• [WORK REQUEST]: Do not include the pictures; repeat the rest of the data exactly.

• [DATA BELOW]:
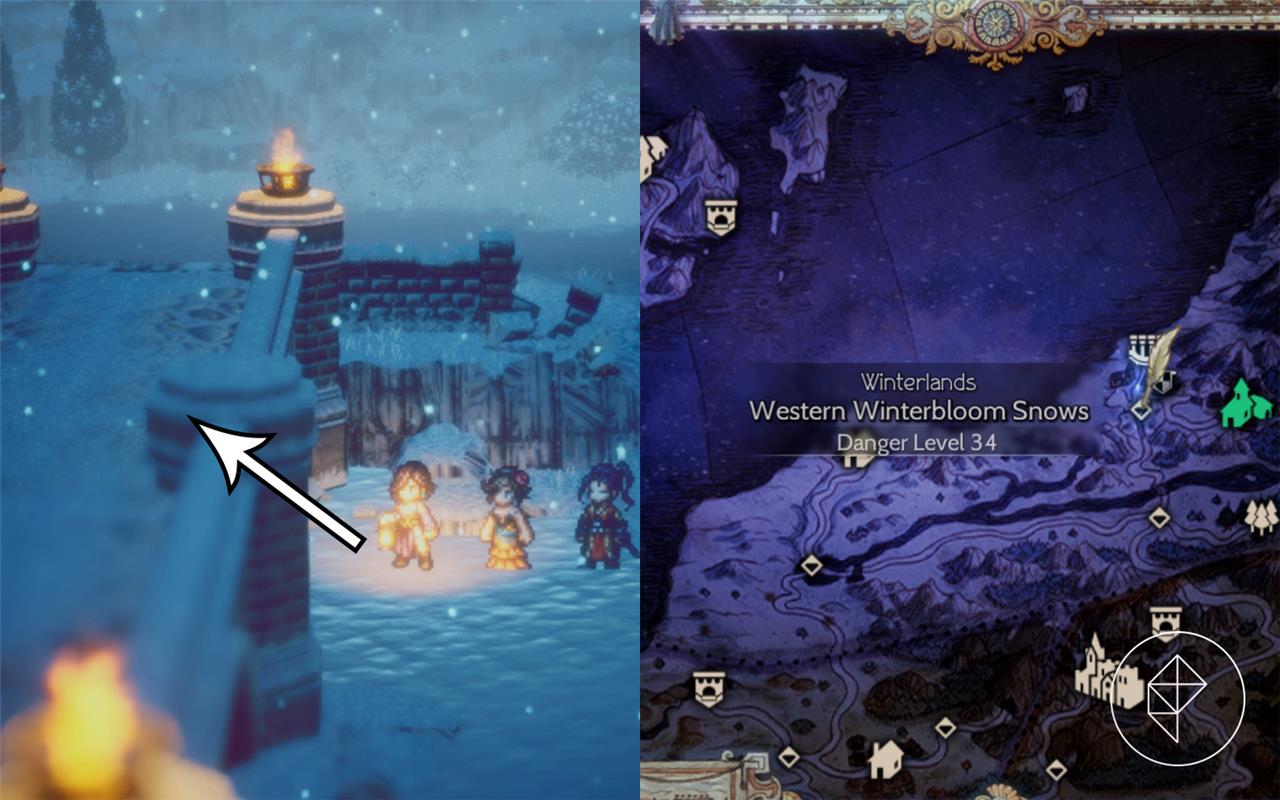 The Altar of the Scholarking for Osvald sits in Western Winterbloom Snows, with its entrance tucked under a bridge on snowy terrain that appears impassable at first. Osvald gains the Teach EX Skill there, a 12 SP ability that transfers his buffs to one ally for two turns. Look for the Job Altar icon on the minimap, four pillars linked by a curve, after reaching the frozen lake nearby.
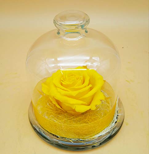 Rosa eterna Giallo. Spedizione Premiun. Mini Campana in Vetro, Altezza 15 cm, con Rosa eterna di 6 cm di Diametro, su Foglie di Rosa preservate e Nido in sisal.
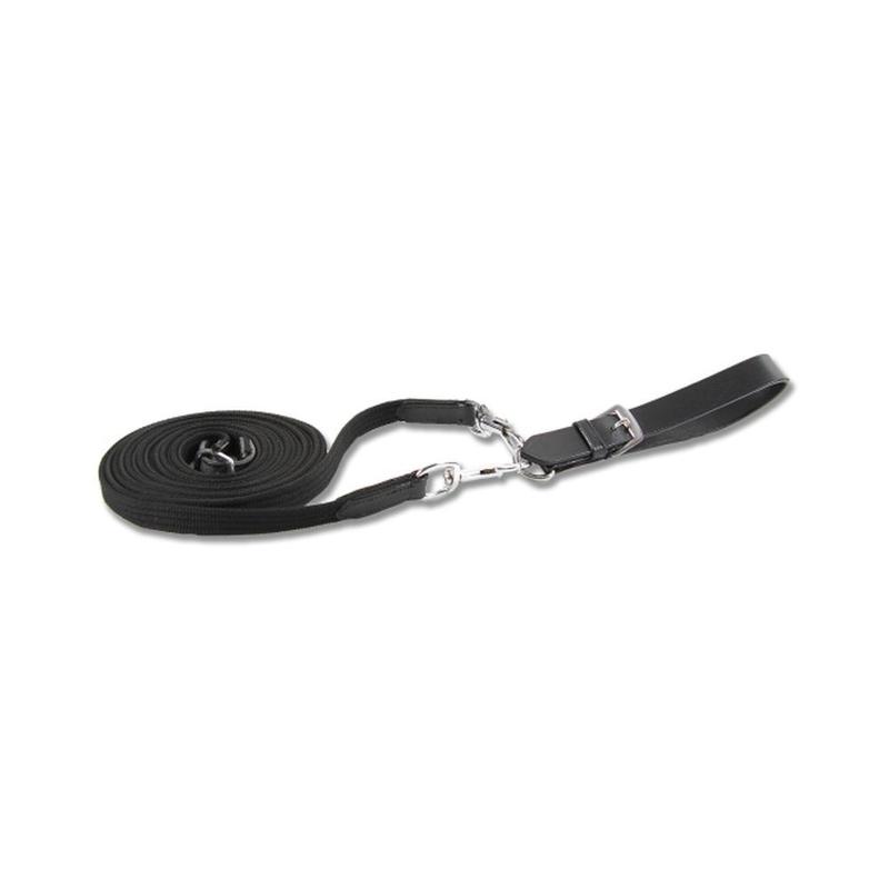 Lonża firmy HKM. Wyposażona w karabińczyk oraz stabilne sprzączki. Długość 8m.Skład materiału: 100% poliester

• [SOLUTION TO THE PROBLEM]:
 The Altar of the Scholarking for Osvald sits in Western Winterbloom Snows, with its entrance tucked under a bridge on snowy terrain that appears impassable at first. Osvald gains the Teach EX Skill there, a 12 SP ability that transfers his buffs to one ally for two turns. Look for the Job Altar icon on the minimap, four pillars linked by a curve, after reaching the frozen lake nearby.
 Rosa eterna Giallo. Spedizione Premiun. Mini Campana in Vetro, Altezza 15 cm, con Rosa eterna di 6 cm di Diametro, su Foglie di Rosa preservate e Nido in sisal.
 Lonża firmy HKM. Wyposażona w karabińczyk oraz stabilne sprzączki. Długość 8m.Skład materiału: 100% poliester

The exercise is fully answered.